Coronavirus has disrupted our lives. In the coming time, we’re going to see a complete shift in the world’s paradigm, be it economical, social, or environmental.
From being locked in our houses, to limiting our demands and changing our habits, the impact of the virus seems to penetrate us on a very molecular level.
Businesses have either shut down or shifted online, millions are unemployed, around 100 countries are in lockdown, medical facilities are overwhelmed, and people are living in isolation. The ramifications are endless, and each day something new comes to light.
One thing is certain: when all is said and done, the world will never be the same again.
“In the worst case scenario, global economy could contract by 0.9% in 2020” -DESA
Faced by the current scenario, every sector will see large scale changes, unprecedented by what we’ve seen in recent times. If we talk about the eCommerce industry, in particular, the exact degree and nature of change is ambiguous.
This article will cover:
- Coronavirus Impact on Consumer Shopping Behaviour
- Latest eCommerce Industry Trends & What they Mean
- Overall Takeaways from the Above Data
- Supply Chain Issues and Inventory Shortages
- What do Experts Say about the Future?
- Ways to Protect your Business During Covid-19
Coronavirus Impact on Consumer Shopping Behaviour
If you’re following the news closely, you might have come across the term ‘panic buying‘ by now. When cases in Italy surged dramatically, the country was put under lockdown. This sent a ripple of panic across the globe.
People realized that this could well enough be the future of their own country. When WHO declared Coronavirus a pandemic, everyone started stockpiling essentials.
There were news reports of department stores running out of toilet paper, sanitizers, masks and essential food items like bread. Retailers and eCommerce stores alike reported a hike in demand during the early days (Jan to Feb 2020) of the pandemic.
With more and more people avoiding public market places and turning to online shopping, you would expect the eCommerce industry to triple its sales and revenue. But sadly, it’s complicated.
With cases topping 1 million, and 100+ countries under lockdown, the demand for non-essential commodities has seen a sharp decline. Pay cuts and job losses are forcing people to limit discretionary shopping.
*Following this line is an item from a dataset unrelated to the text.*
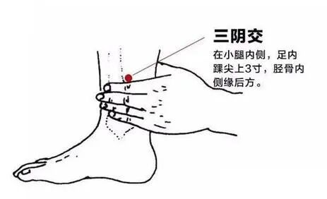 属足太阴脾经;在小腿内侧,内踝尖上3寸,胫骨内侧缘后际处。
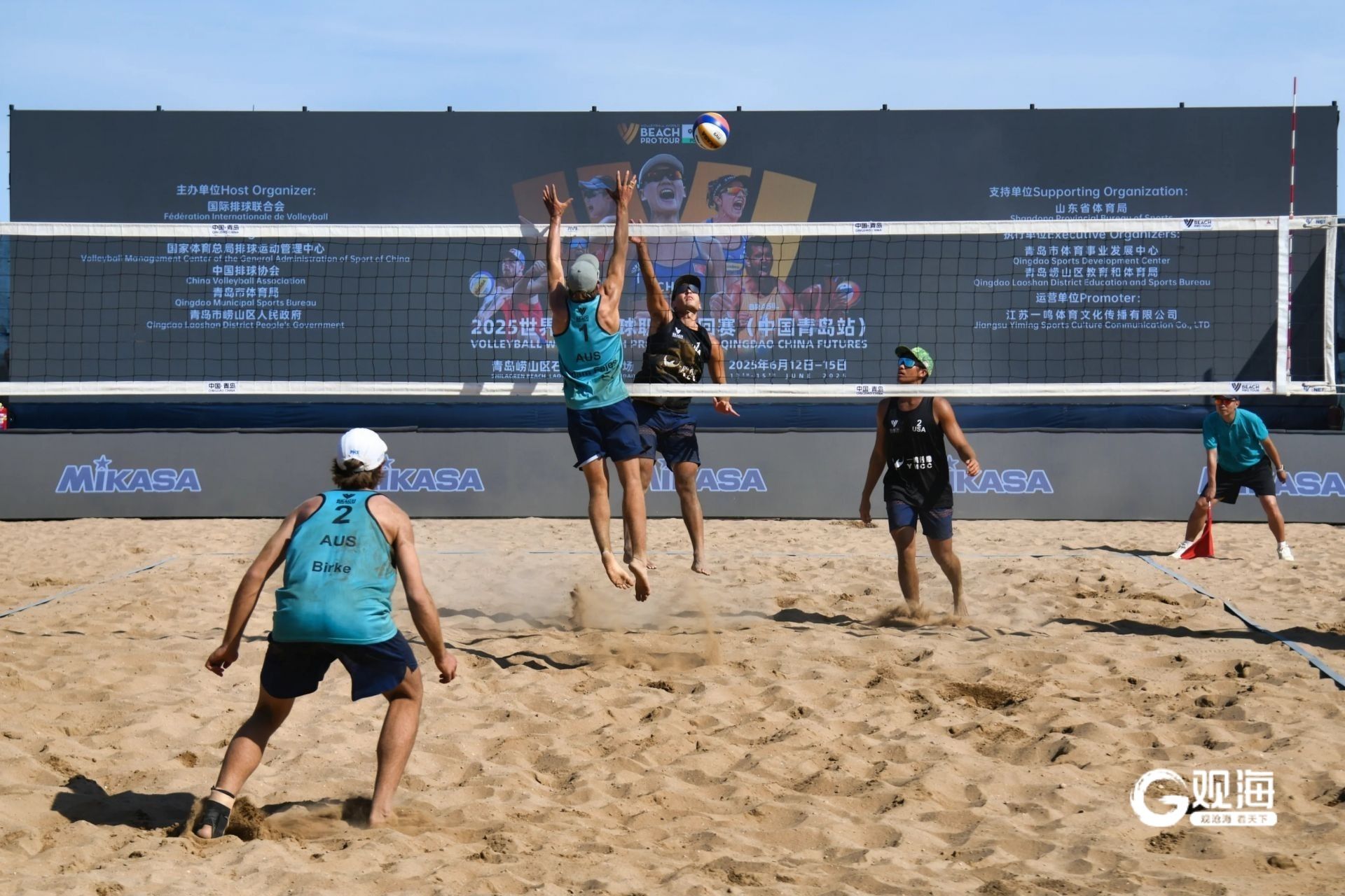 青岛日报社/观海新闻6月12日讯 金色的沙滩铺展成天然赛场,细软的沙粒在阳光下闪烁,与远处湛蓝的海水交相辉映。 今天,2025世界沙滩排球职业巡回赛(中国青岛站)在石老人海水浴场正式开打。澄澈的天空下,运动员们矫健的身影高高跃起,挥臂扣杀,划出一道充满力量的弧线。海风裹挟着咸涩的热情,观众的欢呼声与潮汐的节拍共鸣,将这片海滨化作竞技与浪漫交织的舞台。

They are instead spending more than usual on essential items, fearing that the stocks might run out.
This extra spending on essential items has put pressure on eCommerce, and e-tailers are having a hard time meeting consumer demand due to product shortages, low availability of delivery personnel, supply chain issues, and shipping problems.
Coronavirus Impact: Latest eCommerce Industry Trends & What they Mean
Coronavirus cases are still expected to soar, and it’s hard to say when we will see a decline.
Consumer behavior is still changing and countries are still adapting to the new paradigm, which is why it is hard to paint a clear picture of the exact impact as of now.
In this section, we’re going to see the trends eCommerce has seen in the past few months, and what it could mean:
1. Preliminary Data by Quantum Metric
Quantum metric released data reflecting retail industry trends for the period of Jan-Feb 2020.
- eCommerce businesses associated with brick and mortar retailers saw an average revenue weekly growth rate increase of 52%, followed by an 8.8% rise in conversion rates. This was based on 5 billion U.S. retailer website visits.
- However, the traffic online declined in mid-March.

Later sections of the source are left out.